YOUR GOAL.
With pictures left out, output exactly the lines from the line holding "If anyone wants" through the end of the data, both included.

DATASET EXTRACT.
——

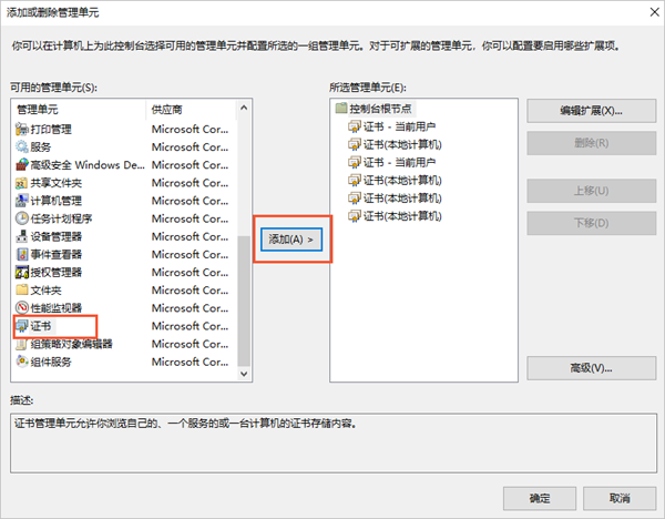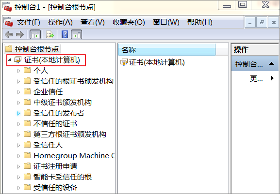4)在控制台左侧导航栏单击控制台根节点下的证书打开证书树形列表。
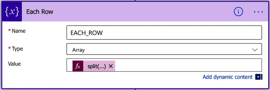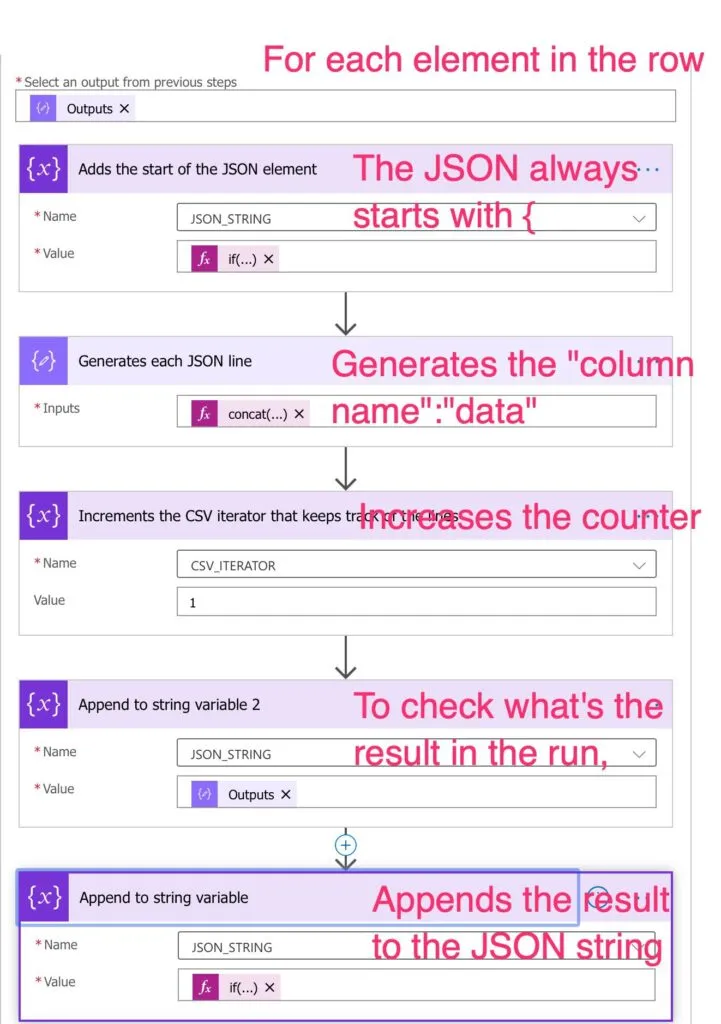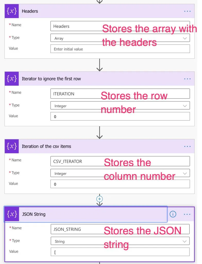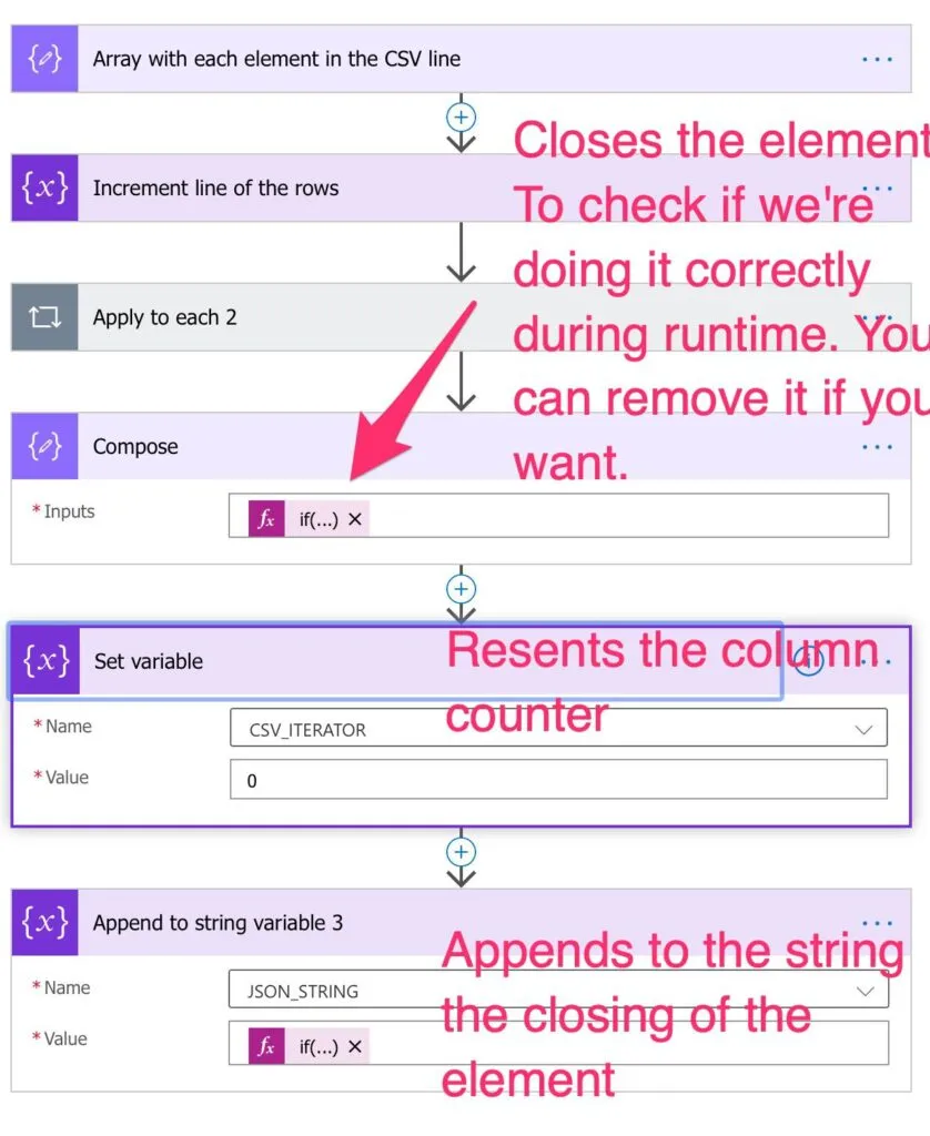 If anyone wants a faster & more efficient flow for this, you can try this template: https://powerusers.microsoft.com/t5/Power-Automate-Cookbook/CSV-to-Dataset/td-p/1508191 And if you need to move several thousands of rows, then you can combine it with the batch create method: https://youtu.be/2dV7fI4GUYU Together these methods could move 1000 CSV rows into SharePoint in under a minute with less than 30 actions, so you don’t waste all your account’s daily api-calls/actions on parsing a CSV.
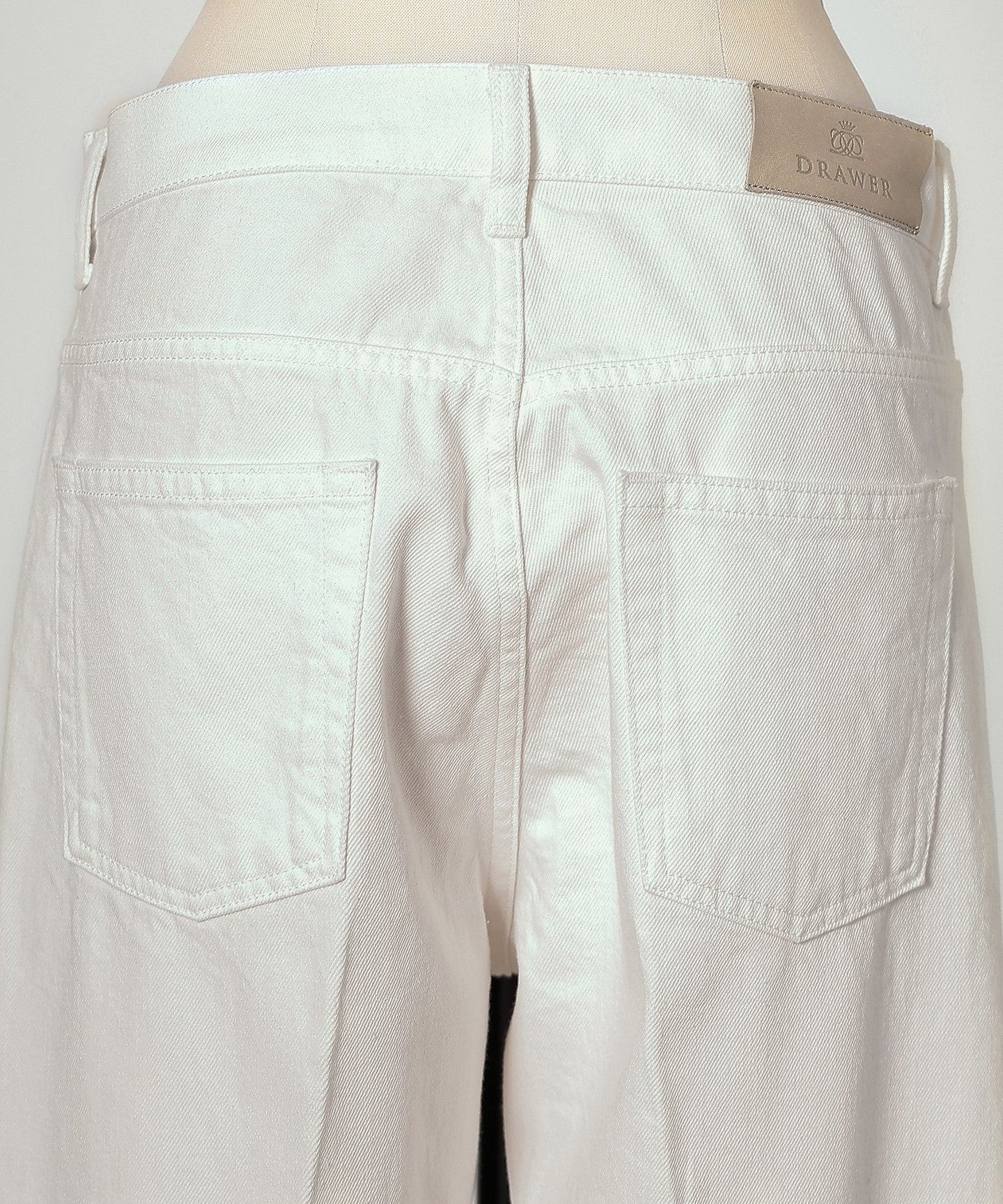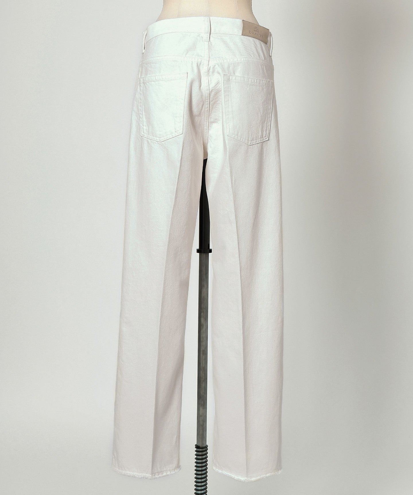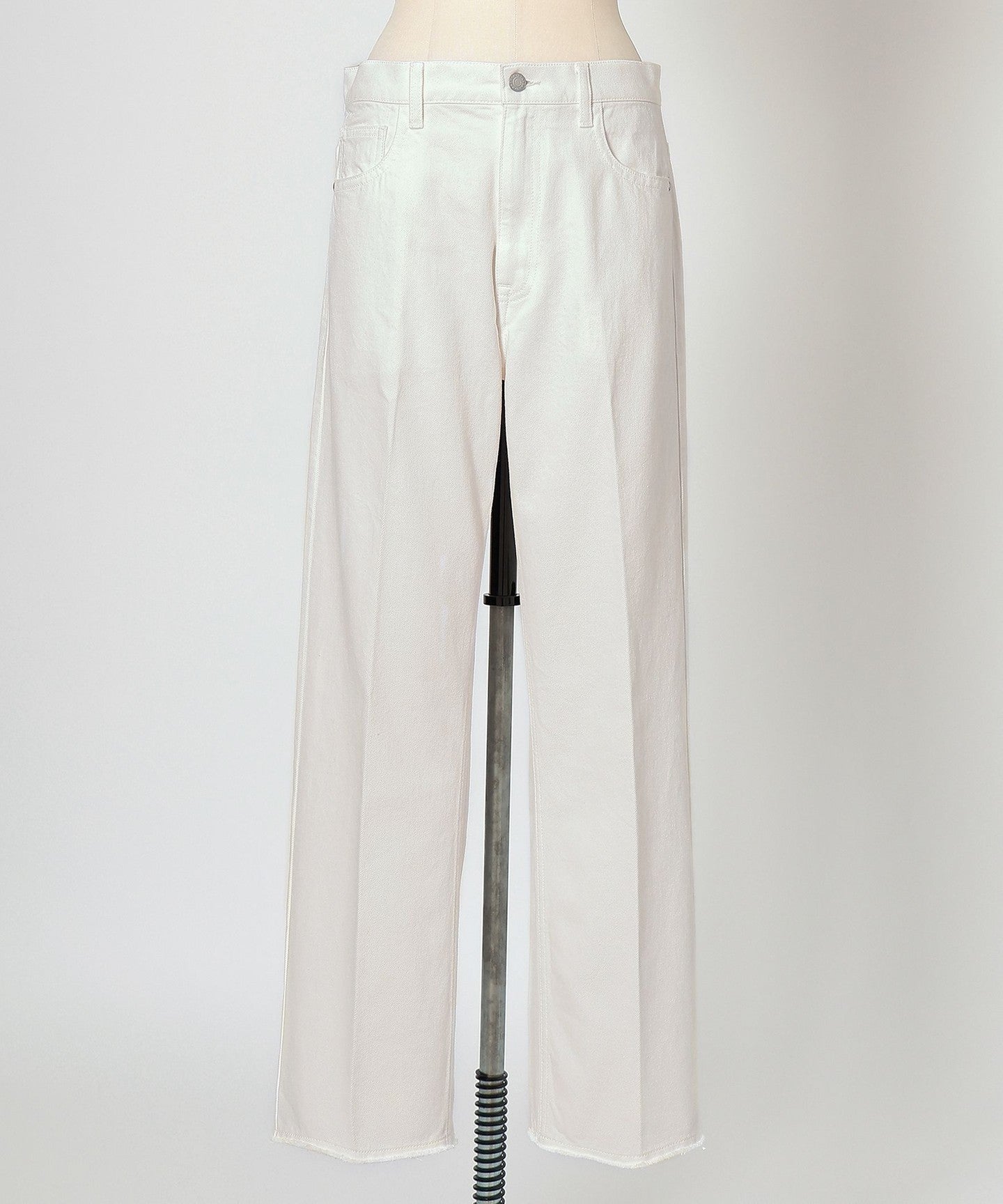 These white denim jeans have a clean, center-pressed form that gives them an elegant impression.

——

RESPONSE TO THIS EXERCISE.
 If anyone wants a faster & more efficient flow for this, you can try this template: https://powerusers.microsoft.com/t5/Power-Automate-Cookbook/CSV-to-Dataset/td-p/1508191 And if you need to move several thousands of rows, then you can combine it with the batch create method: https://youtu.be/2dV7fI4GUYU Together these methods could move 1000 CSV rows into SharePoint in under a minute with less than 30 actions, so you don’t waste all your account’s daily api-calls/actions on parsing a CSV.
 These white denim jeans have a clean, center-pressed form that gives them an elegant impression.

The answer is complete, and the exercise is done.